= Milblogging.com =

Web portal for military blogs (founded 2005)

Milblogging.com was a web portal that indexed military blogs worldwide. As of November 2007, Milblogging indexed over 1,800 military blogs in over 30 countries including those written by troops deployed to the frontlines of Iraq and Afghanistan. As of early 2016, the website had become no longer reachable.

==History==
Milblogging was founded by Jean-Paul Borda in 2005. Prior to Milblogging, Borda ran a military blog from Afghanistan while deployed with the Army National Guard during Operation Enduring Freedom. His original military blog "The National Guard Experience" was written as a means to stay in touch with family, friends and supporters while on deployment. Frustrated by a lack of media coverage on the positive accomplishments of the U.S. military in Iraq and Afghanistan and wanting an easy way to find military blogs, Borda decided during his deployment to create an aggregator site of military-related blogs from around the world when he returned to the United States.

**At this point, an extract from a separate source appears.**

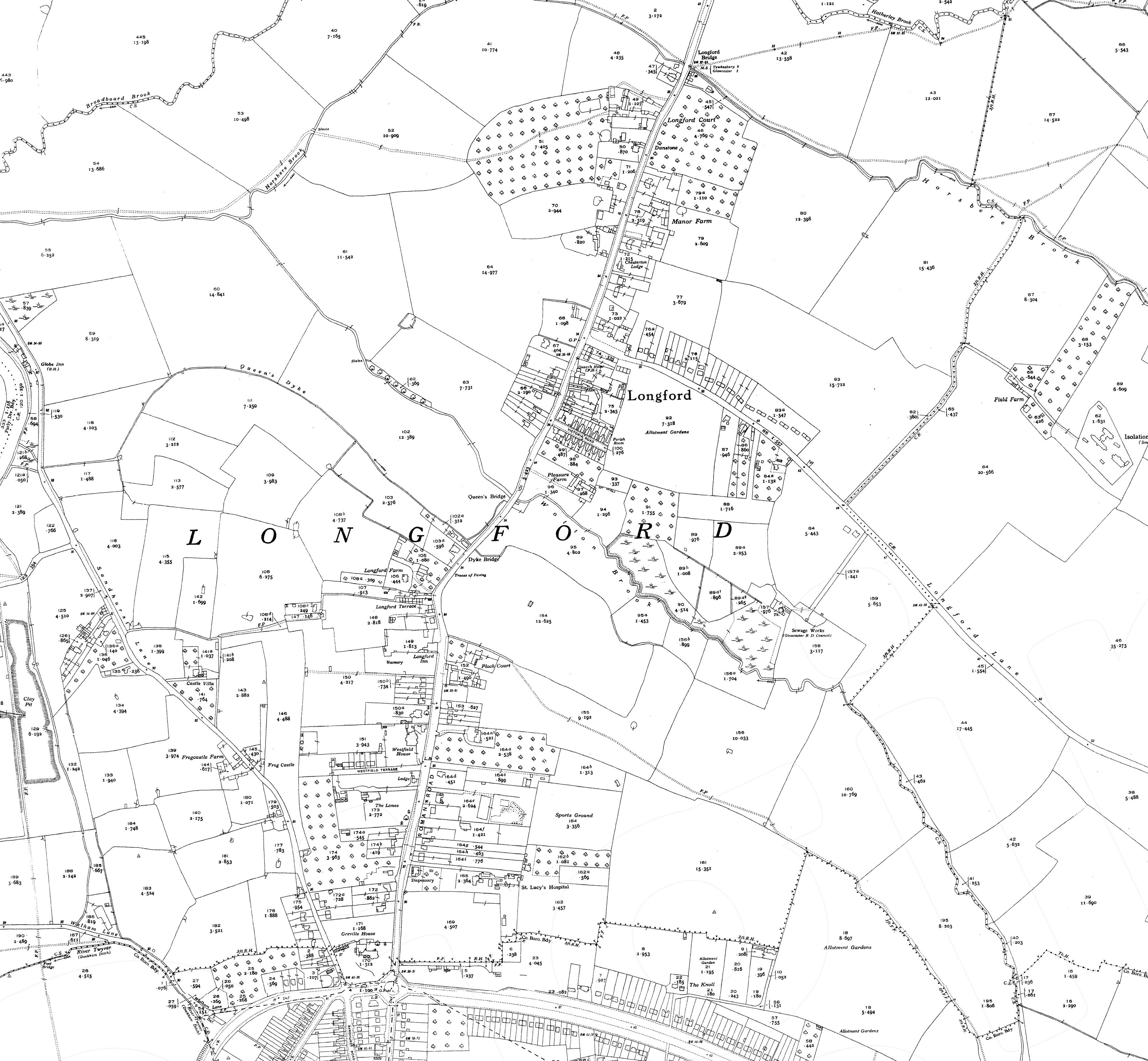 Longford, Gloucester, Ordnance Survey c.1930

The website was launched in October 2005 and quickly garnered attention from media and blogs. By the end of December 2005, the website had been featured in several major media publications, including the Army Times, Newsweek, and the Washington Post. In September 2007, U.S. President George W. Bush met with military bloggers, including two from milblogging.com.

Milblogging was acquired in January 2006 by Military.com, which is owned by Monster.com.